Horace Ascher Brodzky (30 January 1885 – 11 February 1969) was an Australian-born artist and writer most of whose work was created in London and New York. His work included paintings, drawings and linocuts, of which he was an early pioneer. An associate in his early career of many leading artists working in Britain of his period, including Henri Gaudier-Brzeska, Mark Gertler, and members of the Vorticism movement, he ended his life relatively neglected.

Early life
Brodzky was born in Kew, Melbourne in 1885 to the Australian journalist Maurice Brodzky (a Jewish immigrant to Australia from Poland), and his wife Flora, née Leon. In his youth he assisted his father in the production of the magazine Table Talk.

Brodzky studied initially at the National Gallery School in Melbourne. In 1904 his father was bankrupted after exposing corruption, and Horace moved with his family to San Francisco.

London
In 1908, Brodzky went to London where he studied during 1911 at the City and Guilds South London Technical Art School. He became an acquaintance and follower of Walter Sickert. Amongst his friends was Henri Gaudier-Brzeska who created in 1913 a portrait bust of Brodzky (now in the Tate Gallery, London), and whose biography he wrote in 1933. Brodzky is said to have been so engrossed in talk when he visited Gaudier-Brzeska's studio in the King's Road, that he missed the last bus to Herne Hill where he lived. Brodzky travelled to Italy with the poet  John Gould Fletcher  and this led to his first London exhibition, "Paintings and Sketches of Italian and Sicilian Scenes" (c. 1911), of which one painting was selected for the 1912 Venice Biennale.  He was in fact the first Australian to be exhibited at the Biennale. In 1914 his work was exhibited along with that of other Jewish artists, including Mark Gertler and David Bomberg, in the Whitechapel Gallery. Brodzky became a member of The London Group. During this period he was a pioneer of the technique of linocut, in which medium he has been said to have "excelled". His early oils reveal the influence of both Gertler and Bomberg. Among his works of this period are portraits of Jacob Epstein and Jacob Kramer.

New York
In 1915 Brodzky moved to New York, with an introduction to the art patron John Quinn.
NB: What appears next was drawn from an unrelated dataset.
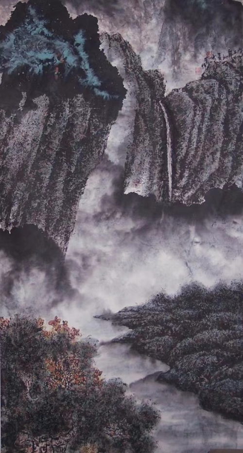 水创作独立画科,从展子虔的游春图开始,到现在经过了千年以上的传承,已经形成了一整套严谨的法度体系,今人画山水,首先要向法度致敬,从专业上提升中国山水的塑造品质。观赏陈风云先生的山水作品,都是经过专业历练的毫无瑕疵。落笔骨法用笔,起笔丰姿多神,线条的勾勒相当完美。勾时一气呵成,相当流畅,勒时顺势而为,绝不滞碍。长线短线,交织细腻,没有凌乱,不让一根线条成为散兵游勇。如此精彩的线条塑造力,必然是经久历练的成绩!果然是明公绎思挥彩笔,驱山走海置眼前。他把中国画依线条而造型的真谛表达得炉火纯青,游刃有余!这是陈风云之所作在专业层面很有影响力的重要原因。
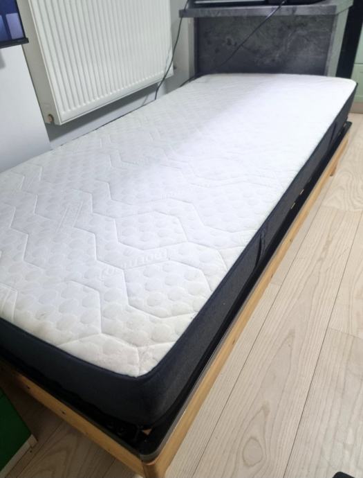 Sadrži dormeo madrac, podnicu, okvir, 2 jastuka i 2 kompleta presvlaka (zelena i siva boja).

There he worked as a poster artist and an arts journalist, and in 1917 helped Quinn organize a New York exhibition of Vorticist artists. In 1919 he married Bertha Greenfield; they were to have three sons. In 1920 Egmont Arens published in New York a collection of 21 of Brodzky's linoprints. Brodzky also designed book jackets for writers including Eugene O'Neill and Theodore Dreiser, and painted a portrait of O'Neill.

Back to England
Returning to London in 1923 he became a professional artist. His work featured in the first-ever exhibition of linocuts, organized by Claude Flight at the Redfern Gallery in  1929. Initial success however withered in the 1930s, when his marriage broke up, and from then on he lived in financial straits. In 1935 James Laver published a study  Forty Drawings by Horace Brodzky. Laver described Brodzky's drawing technique as follows:Brodzky prefers the ordinary 'dip-in' steel nib, for this enables the hand, by varying its pressure on the paper, to broaden the line at will, or rather in obedience to the obscure subconscious or half-conscious promptings which guide the hand to its task. He makes no preliminary studies, draws no pencil outline, carefully rubbed out afterwards to give a false impression of spontaneity. There are no erasures or alterations. Each drawing is made 'au premier coup'. It is made very quickly, as a unity, and when finished the artist cannot remember at what point it was started. The drawing has been thrown on the paper, as it were, with a single gesture.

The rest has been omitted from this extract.